Well, I'm here. And it has been the experience of a lifetime just in the first week.
I have done more things, and had such great experiences in the first week than I could have imagined possible. I've had an entire course in Finnish, visited numerous Finnish cities, had multiple authentic Finnish saunas, went to pick buckets of fresh berries until your hands turn blue, and made tons of friends at the language camp.
I'm finally at my host family's home, and it's great. On Tuesday I have my first day of school, and I couldn't be more excited. I feel like a giddy little schoolgirl I'm so excited. I would have to say that by far one of the best things was the trip to Tampere where I had mustamakkara along with other traditional Finnish foods. I was also able to go around the city and just look around and experience everything, like the daily market in the town square. It was amazing to see. This is where I post to let everybody know that I'm alive and well, and that I'm extremely happy at the moment. I'm really tired from this past week, and finally have a real bed, so this is where I sign off and finally get a good night's sleep. I'll post more soon.
Hyvää yötä!

Wednesday, July 27, 2011

Saying goodbye

Just ten more days until I depart to begin my new life in Finland for the next year.
I have begun to say goodbye to all of my friends and family. The words, "I'll see you in a year," sink in pretty quick. I don't have my visa, plane ticket, or passport yet, but I'm hoping those will come in the mail any day now. Everything I'm doing seems to fly by faster than I ever could have imagined. Tomorrow is my last day of work, then I have a few days to pack, and prepare to leave. And then, I'll be on my way. 

It's pretty hard, to say goodbye to everyone you know. Because the entire time, you know that, down deep, you might never see this person again, or your friendship may dissolve over the trials of time.

But it's absolutely worth it. Never before have I been so excited to do something. And never before, have I ever been so close to achieving one of my dreams in life. The people I'll meet, the experiences I'll have, and the things I'll learn, will be priceless.

I cannot honestly say that I am prepared to leave. I still have to pick up a few things, and get gifts for people I don't even know yet, let alone learn the basics of an entirely new language.
I may not be prepared, but I have never been more ready, or eager to do anything like this in my entire life.
Sure I'm getting a little nervous, but after all, as Charles Lindbergh said, "I don't believe in taking unnecessary risks, but a life without risk isn't worth living."

I'll try to keep posting as the year goes on, but no promises.
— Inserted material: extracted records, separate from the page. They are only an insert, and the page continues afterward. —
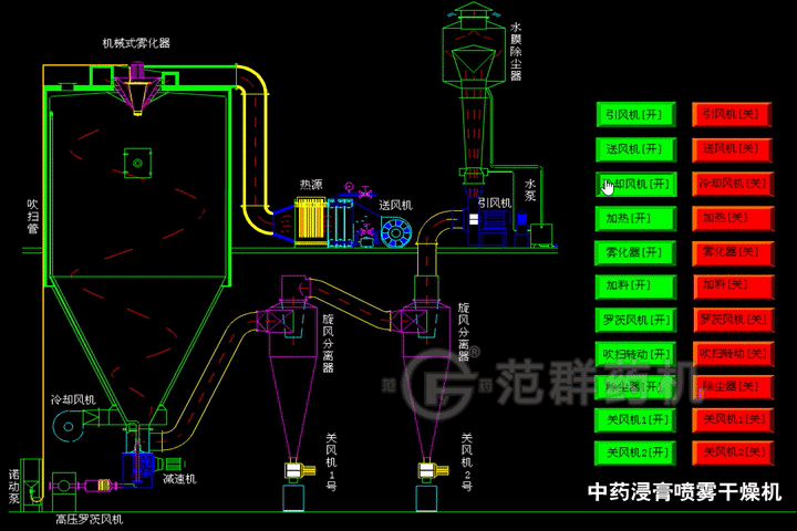 中藥浸膏專(zhuān)用噴霧干燥機是吸收國外技術(shù)開(kāi)發(fā)的適用于熔點(diǎn)低、含糖高的中藥產(chǎn)品的干燥設備.該裝置根據干燥產(chǎn)品特點(diǎn)和性質(zhì)確定噴霧干燥的工藝條件,自動(dòng)化程度高,操作方便,符合GMP要求。該設備的成功開(kāi)發(fā),解決了多年來(lái)許多熔點(diǎn)低,含糖高的中藥產(chǎn)品不能用噴霧干燥的技術(shù)難點(diǎn),也是對噴霧干燥在中藥制藥工業(yè)中的應用技術(shù)研究的新發(fā)展。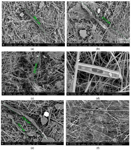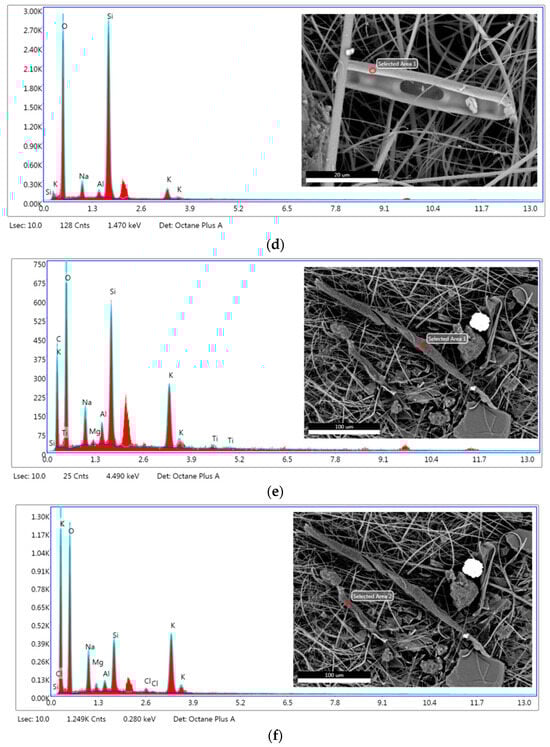 The EDX composition of micro-fragments from Figure 6a–c,e,f are compatible with the chemistry of common plastic marine litter. A higher amount of oxygen may be related to PET [], while higher amounts of Si could suggest the presence of silicon-based MPs even if the silicon from the glass fiber filter may interfere. The object with the highest amount of silicon (33.07 wt.%) and no carbon is a diatom (Figure 6d). Diatoms, also known as Bacillariophyceae, have a significant contribution to aquatic ecosystems by converting dissolved carbon dioxide into oxygen [,].
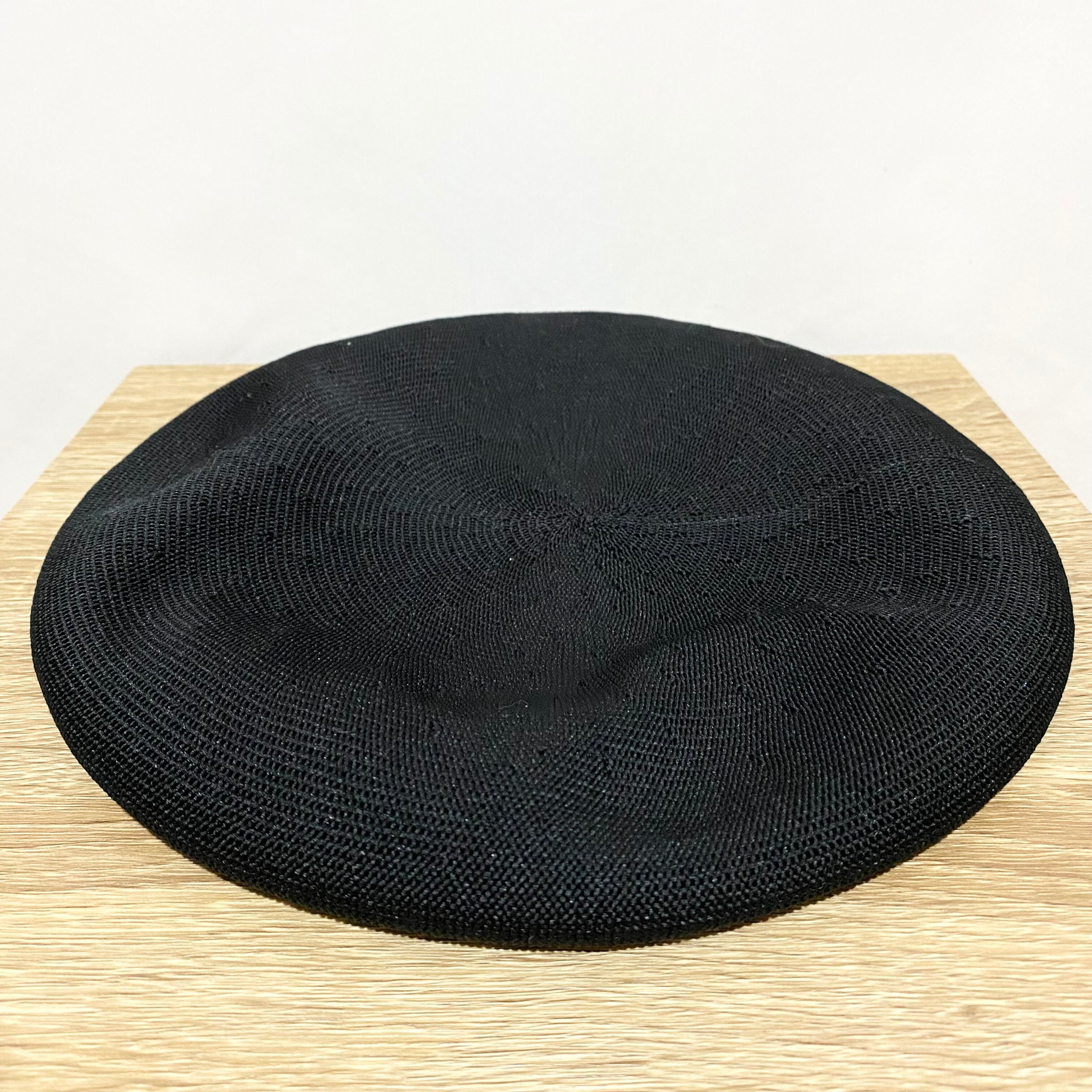 レザー(こちらは合皮)のパイピングに紐を通した王道のベレー。色は間違いないブラック◎◎◎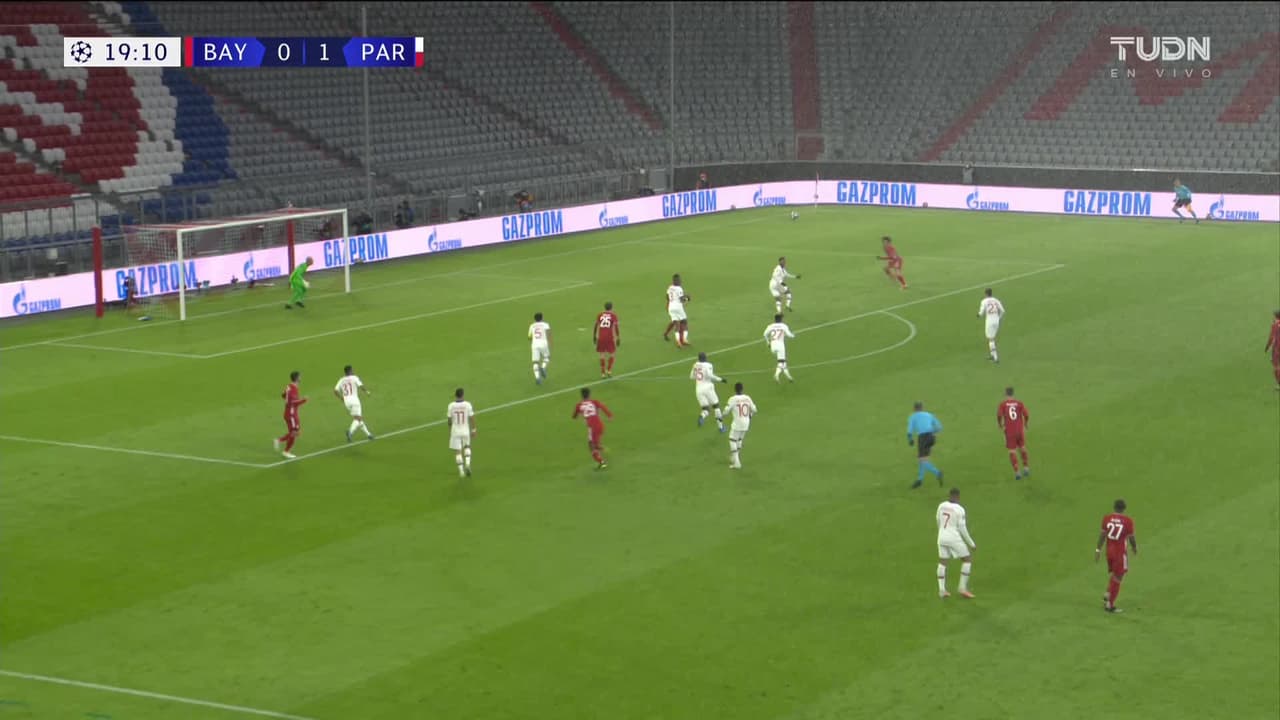 Tiro atajado junto al lado derecho de la portería. Benjamin Pavard (FC Bayern München) Disparo con la derecha desde el lado derecho dentro del área. Asistencia de Leroy Sané.
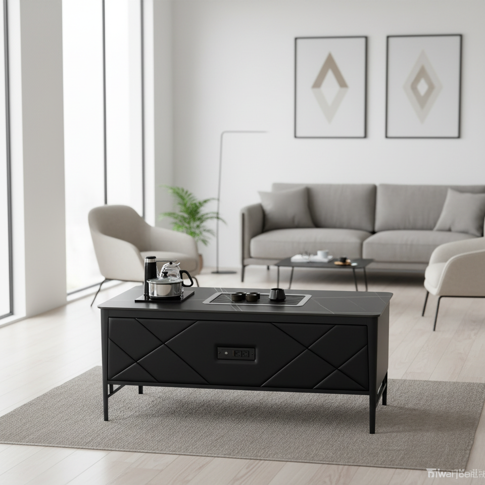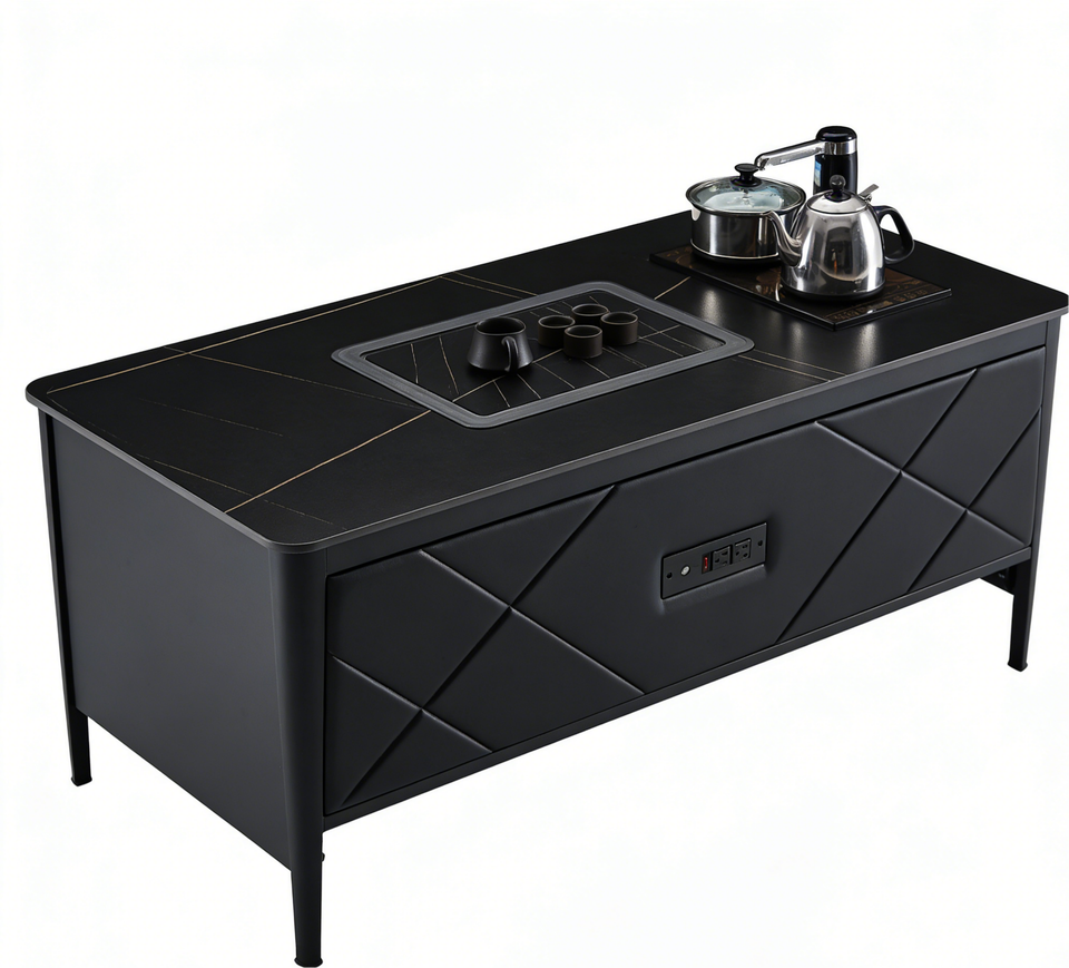 Table à thé et café Kung Fu de style chinois moderne avec comptoir en ardoise noire, grande capacité de rangement et prise intégrée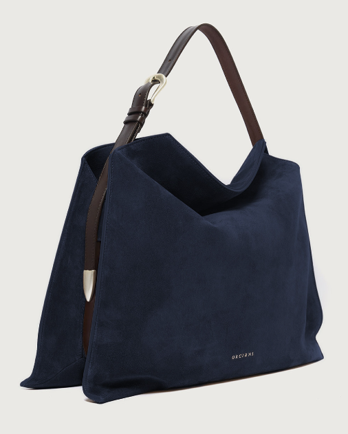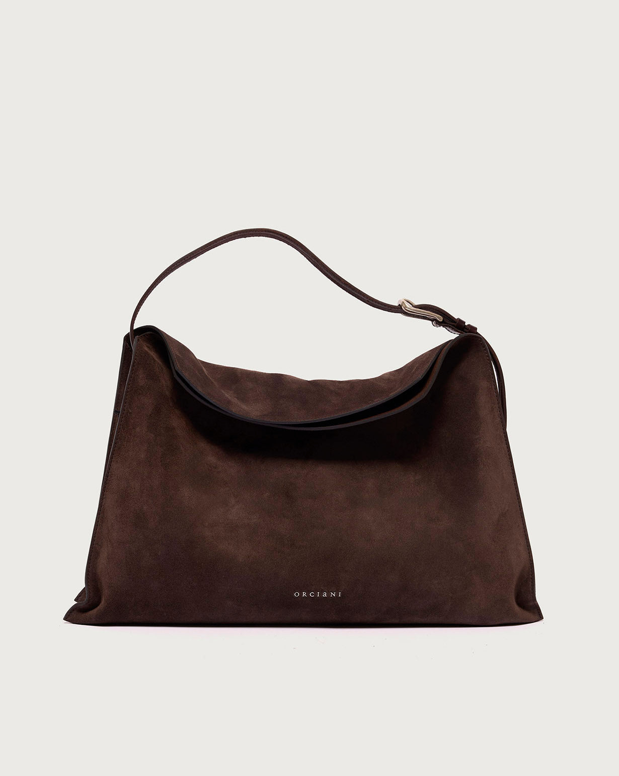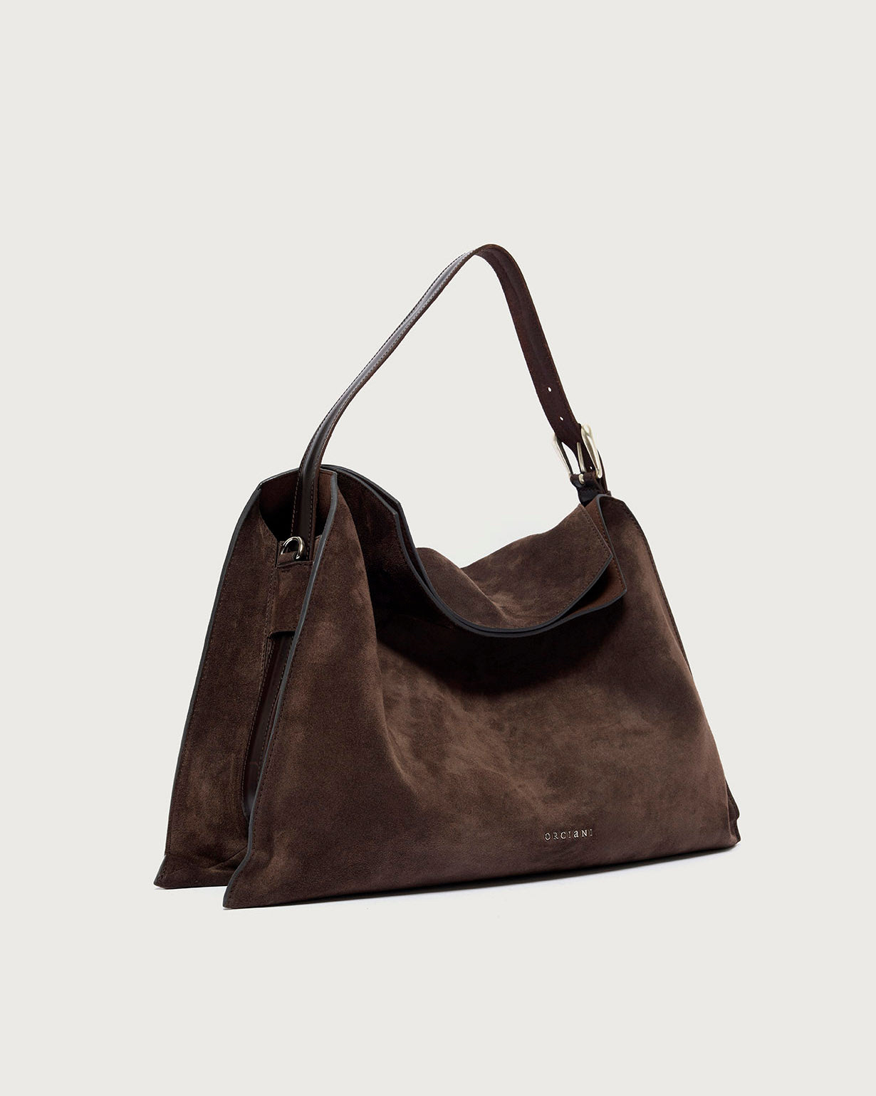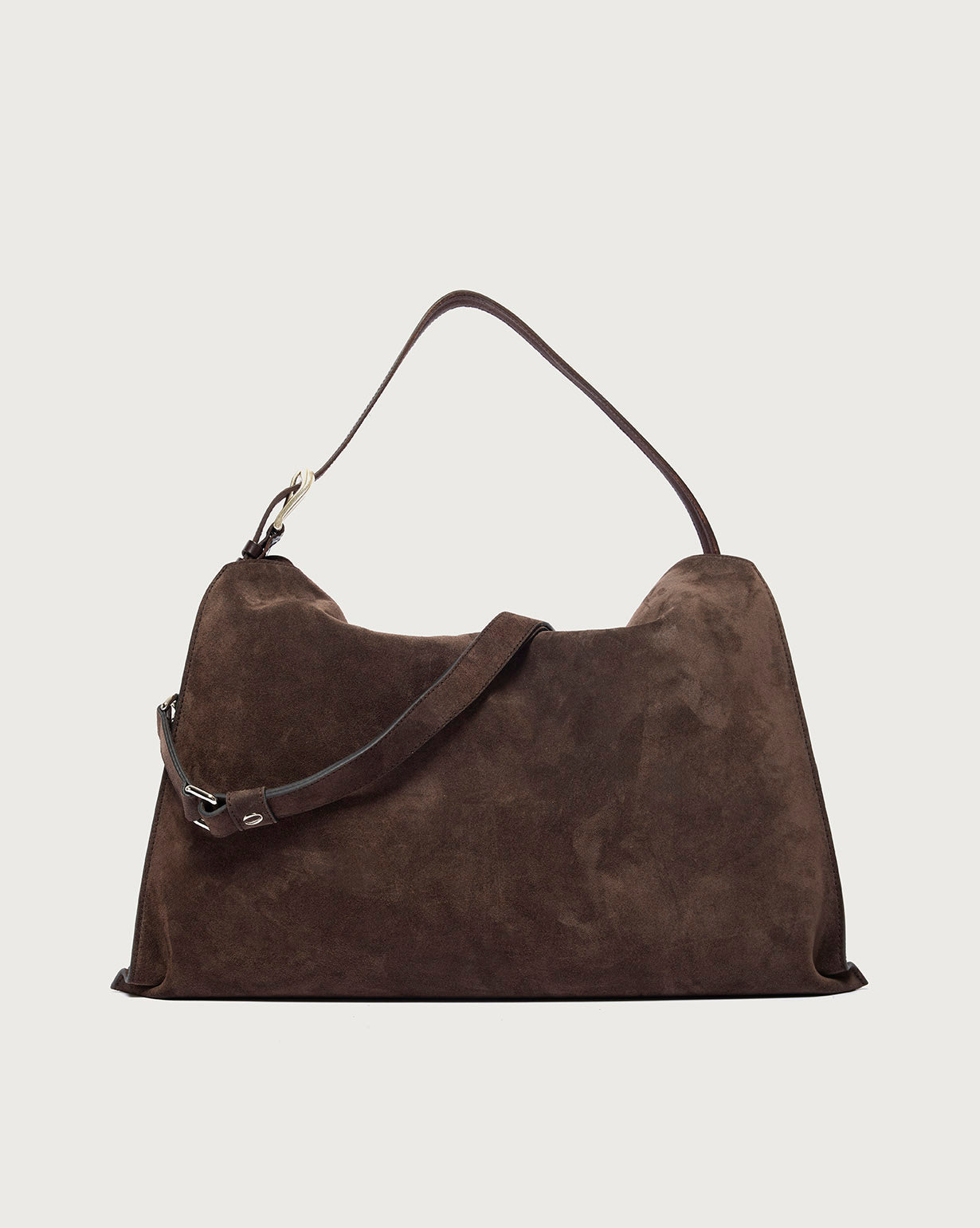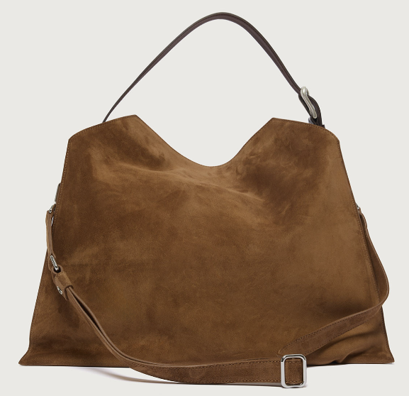 Trinity Peach Large è la versione più spaziosa della famiglia Trinity, realizzata in morbido suede e cuoio. Le sue linee ampie e sinuose la rendono la compagna ideale per l’intera giornata: capiente, sofisticata e inconfondibile.

For all I know, nobody is reading this, so I'll post updates, and sometimes make some pretty long entries. At some point I may even switch it over to Finnish, so you might have to translate it into English, or whichever language you happen to speak.


Sunday, July 3, 2011

The Beginning Stages

I am in the end of my first year of exchange, the preparation year. It is finally time for me to get my stuff together and start thinking of gifts for the people I'll meet, the clothes and shoes I'll pack, and the pins and gifts I'll give. I have but 34 days (about) until I get on that plane and leave everything that I've ever known behind me. On the other side of the ocean.

I finally know who my first host family is,  I've applied for my residence permit, and I'm doing as much as possible to learn the language. The only thing left to do is buy the plane ticket, get on the plane, and have the time of my life.

This blog will cover my year in Finland, and I'll do my best to update it and share my experiences on a regular basis.